Sterling took the letter from my mother’s hand and reread it, turned it over, looked again at the itinerary. “I don’t see anything we missed,” she said. “It’s just a letter. Maybe this really wasn’t ever about the money at all. The money could be a completely different thing. And…” Sterling handed the papers back to my mother. “Maybe my father screwed Alan out of what he owed him, and there was never any money to find.” She gave my mother an apologetic glance. “Knowing my father, that seems like the most likely answer. If he had something to do with Alan’s death, I wouldn’t be surprised if he’d somehow arranged to steal the money.”

“All this work,” I said, “and there’s no payday.”

A small, secret smile curved across Sterling’s mouth, and she shook her head. “Oh, I think we got our payday. This is better than the money.”

My mother smoothed her fingertip over the indentations of my father’s writing. “Well done, you two. I’m proud of you,” she said, gaze on Sterling.

My heart squeezed as a flush hit Sterling’s cheeks, her eyes shining at my mother’s praise.

My mom shifted her gaze to me. “I may not have approved of all the decisions you made on this journey of yours, but I’m so proud of you for taking on the challenge your father set in front of you. And proud of you for seeing it to the end. If you hadn’t, we never would have known the truth.” She stood, brushing her hair back from her tear-damp face. “Why don’t you two go for a walk? Forrest, you haven’t shown Sterling the cliffs. I need to share this with Jerry. He’ll want to see it.”

“Of course,” Sterling said, popping to her feet. She looked at me and then at my mother. “I need to wash my face.” She disappeared down the hall, leaving us alone.

My mother caught my hand as I stood. “Forrest, I’m sorry about this past year. I’m sorry for being so hard on you. You did the right thing.”

“I didn’t… I messed everything up,” I said, not sure how she could call anything about the past year the right thing .

“Oh, honey,” she said, shaking her head, “I forgive you. I know I’ve been blinded by hurt and anger at your father. I couldn’t see clearly, but now I understand. And it’s okay. Maybe now you can forgive yourself.”

She raised an eyebrow, and I shook my head. “I don’t know how to make it up to her,” I said. “How to make it up to both of you.”

“You don’t need to.” She held out the letter. “Alan had plans and hope. We would have had so much fun.” A tear ran down her cheek. “Life is short, sweetheart.
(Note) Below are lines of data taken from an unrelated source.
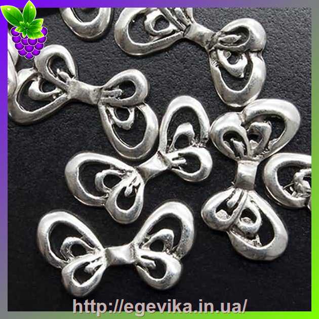 Артикул производителя: 3550Бусина металева Матеріал: метал Колір: античне срібло Форма: метелик Розмір: 17 х 10 х 2,5 мм, отвір - 1,5 мм
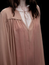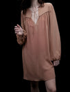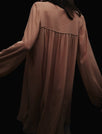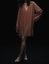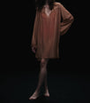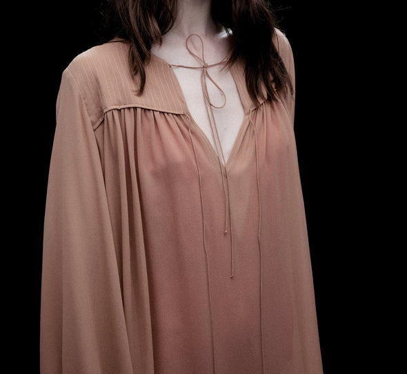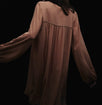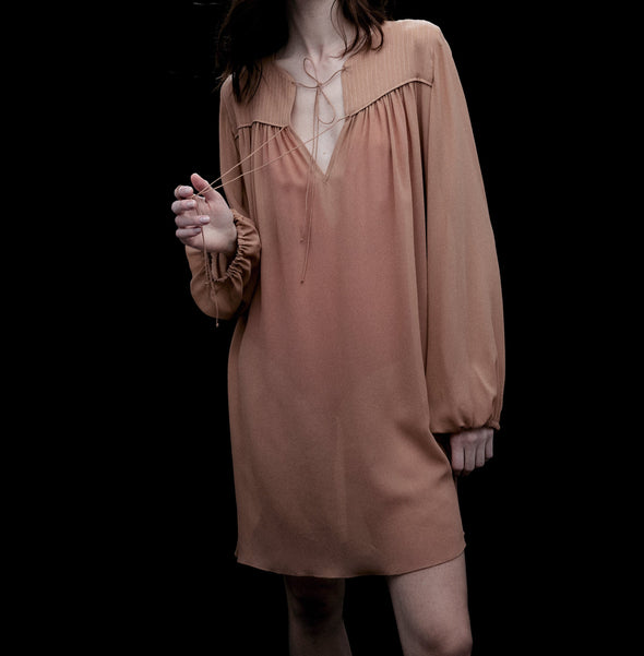 The Estela dress is designed with a bohemian feel, featuring smocked details, billowy sleeves, metallic thread across the shoulders and tie detailing. Cut from a silk Georgette fabric, it can be worn over contrasting underwear or thrown on over a bikini.
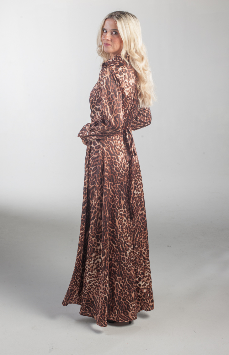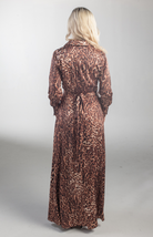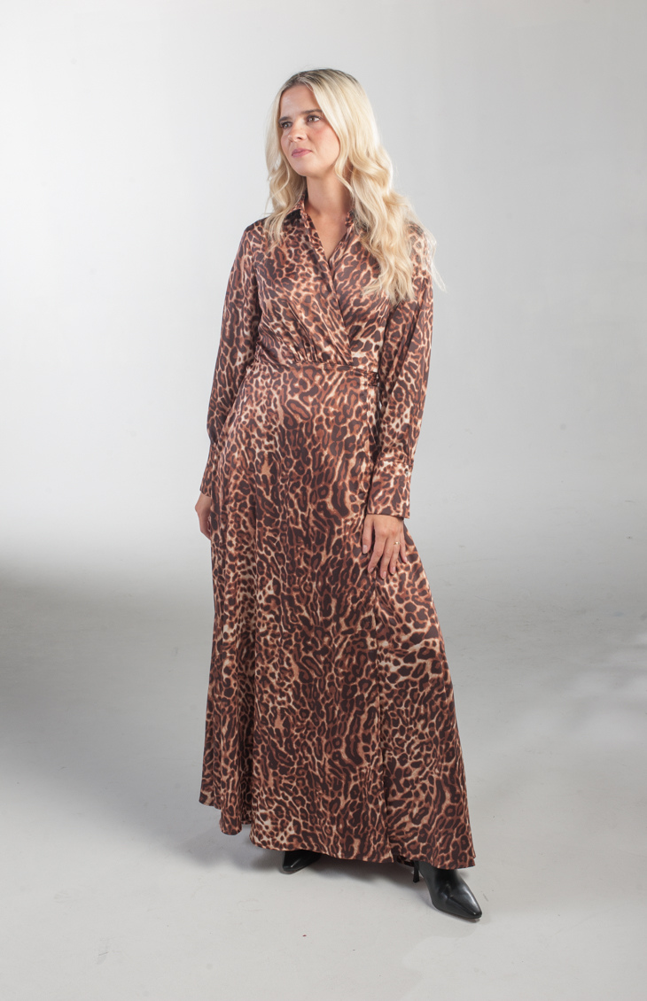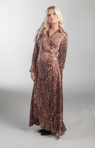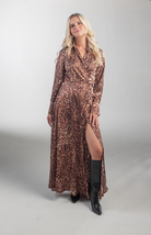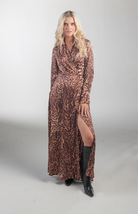 The There She Goes Maxi Dress is a long-sleeved wrap dress in bold leopard print. It features a flattering V-neckline, a cinched waist, and a flowy skirt with a subtle high slit for added drama. Made from silky, lightweight fabric, it drapes beautifully and is perfect for evening events or stylish daytime outings. Versatile enough to pair with boots, heels, or sandals.
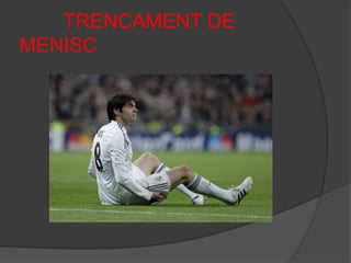 CAUSES DE TRENCAMENTS DE MENISCLa forma mes habitual dels trencaments de menisc son de forma indirecta, rebre un tacle de l’adversari i el genoll realitza un gir brusc, una entrada a la tíbia i el genoll es desplaça.El futbol es un dels esports on hi ha mes meniscs trencats. L’ esqui també destaca ja que es freqüent les enganxades dels esquis.
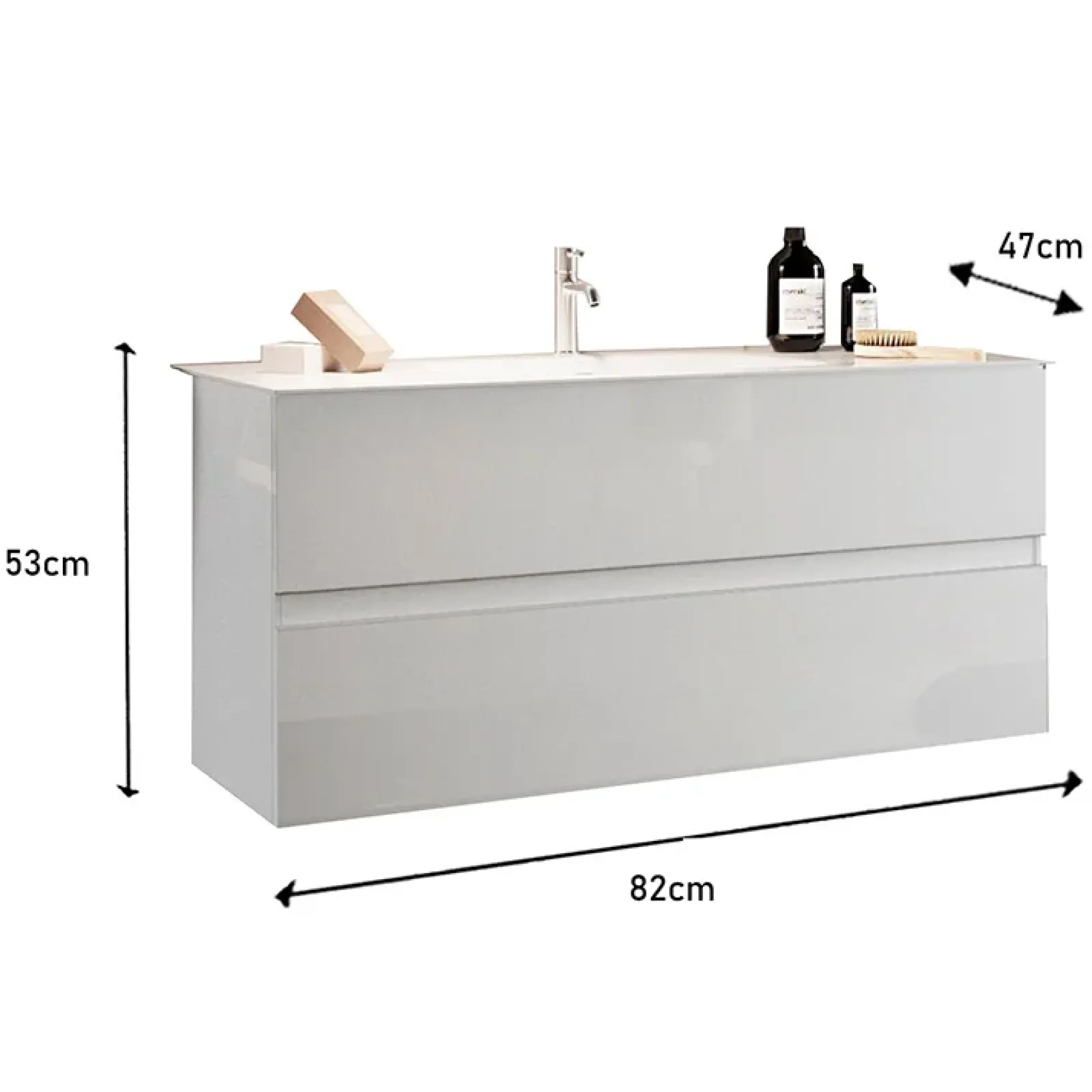 Garnero Arredamenti Mobile Bagno Sospeso-Mobile bagno sospeso 80cm con lavabo 2 cassetti bianco lucido Moon
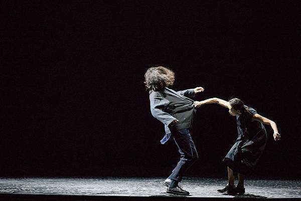 我以為那是下雨的聲音,原來是旋轉舞台在運轉時所發出的聲響,我是後來才得知這資訊的。那如粗顆粒般的沙沙聲響,有如紊亂的大小雨滴,卻又穩穩的落著;緊接進來的拉威爾《悼念公主的帕凡舞曲》,從獨奏版到變奏版,似溫柔時狂亂,聽似不同屬性的聲音類型,當它們貼合且交織時,卻又可以感受到那密不可分的關係,而這二種聲音的融合,影響了我觀賞這整場舞作的感受,我好喜歡這樣聲音的表現喔。
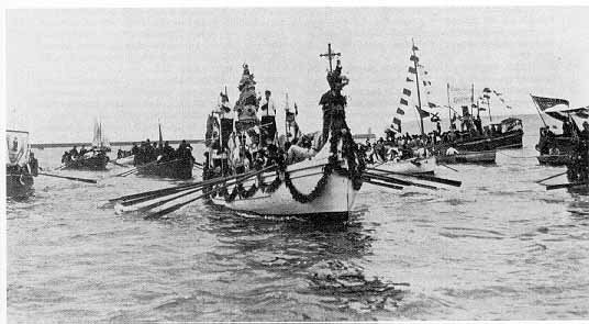 Procesión marítima de la Virgen del Carmen, en Santurtzi (Bizkaia). Julio de 1910
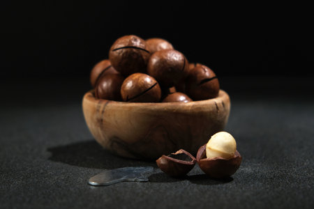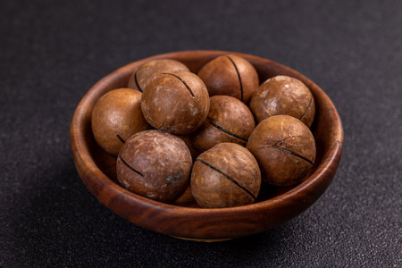 Delicious roasted macadamia nuts in shell on a dark textured concrete background. Vegetarian food
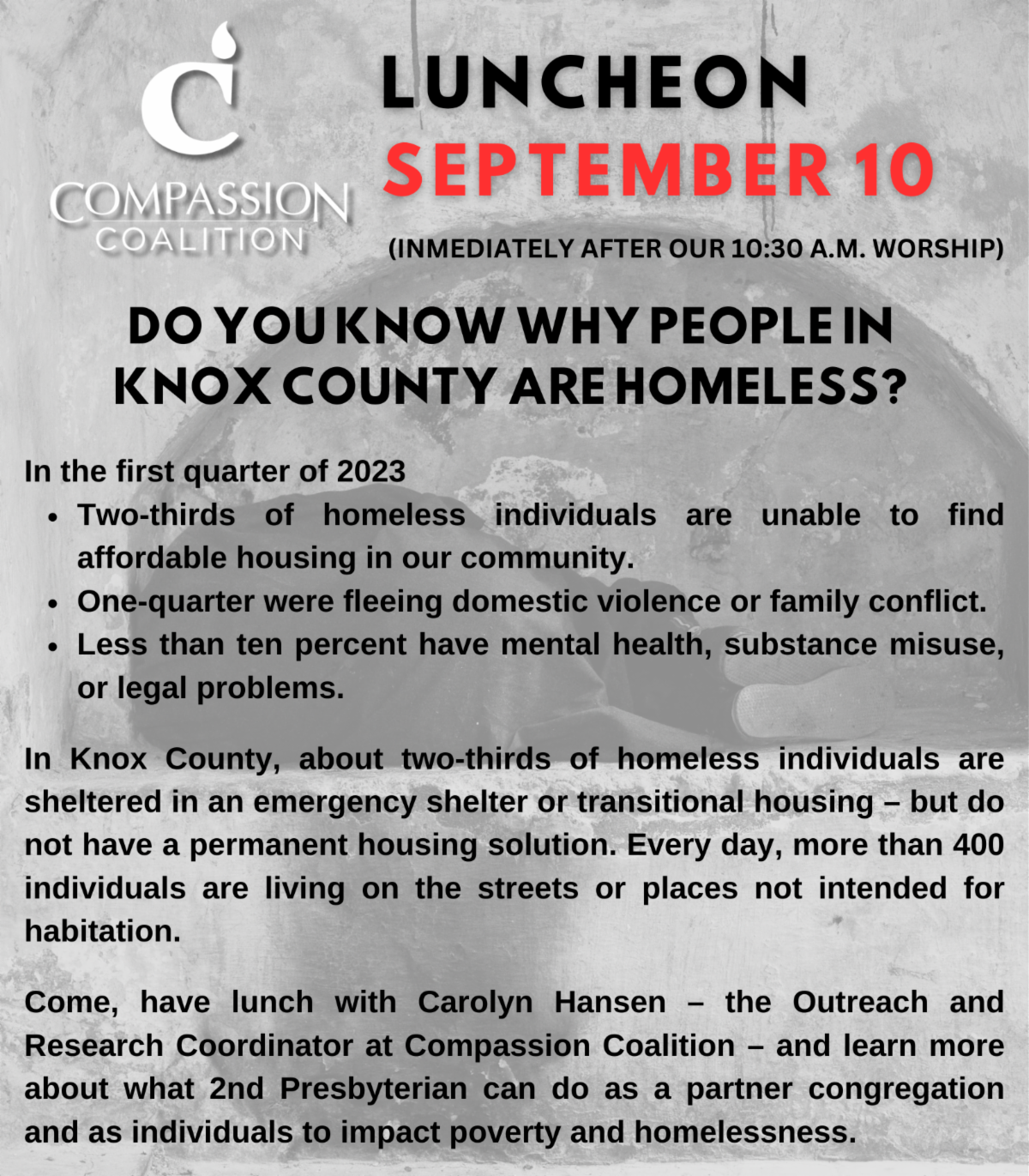 Please get in touch with the Church Office with prayer concerns to be listed in the weekly email or bulletin (mvillalta@2ndpres.org, 865.523.2189)

We know better than anyone. Don’t waste any more of it blaming yourself. You’ve done right, and you’ve done wrong. You’ve done a whole lot more right than wrong, so forgive yourself.”

Her words spread through me, a healing balm. “I wish I could have done things differently,” I said.

Her arms slid around my shoulders. “Well, you can’t. You can only go forward from here. I love you so much, Forrest. I’ve missed your father every day he’s been gone. But I’ll always have a piece of him in you, and that’s the greatest gift he ever gave me.”

I soaked in her love, her forgiveness.

“I have something for you,” she said. “Stay there.”

She disappeared into her closet, and what she held in her hand when she returned caught the light in a blaze of color. “You don’t have to use it, but that’s the ring your father gave me. And when you get around to proposing to Sterling, if you want…” She set it in my palm—a circle of gold topped by an emerald-cut diamond faceted so that it burned like fire.

I picked up the ring and held it to the light, hope surging in my heart. I looked at my mom over the ring. “We’re not there yet. I’m not sure she’s forgiven me.”

My mother smiled. “You worry too much. She’s a smart girl, and I’ve seen the way she looks at you. She’s not going to let a good thing get away. And you, my sweet boy, are the best. You don’t have to use it if you had something else in mind.”

All at once, I knew she was right. This was right. “Sterling will love it. Thanks.” I wrapped my arms around my mom in a tight hug, feeling so lucky. We’d lost my dad, cruelly and before his time, but all these years we’d had each other. And maybe, if I could pull it off, I’d have a future with the woman I loved.

I let my mom go and tucked the ring in my pocket.

“Go on,” she said. “Take your girl for a romantic walk. Who knows, maybe you’ll put that thing to use.”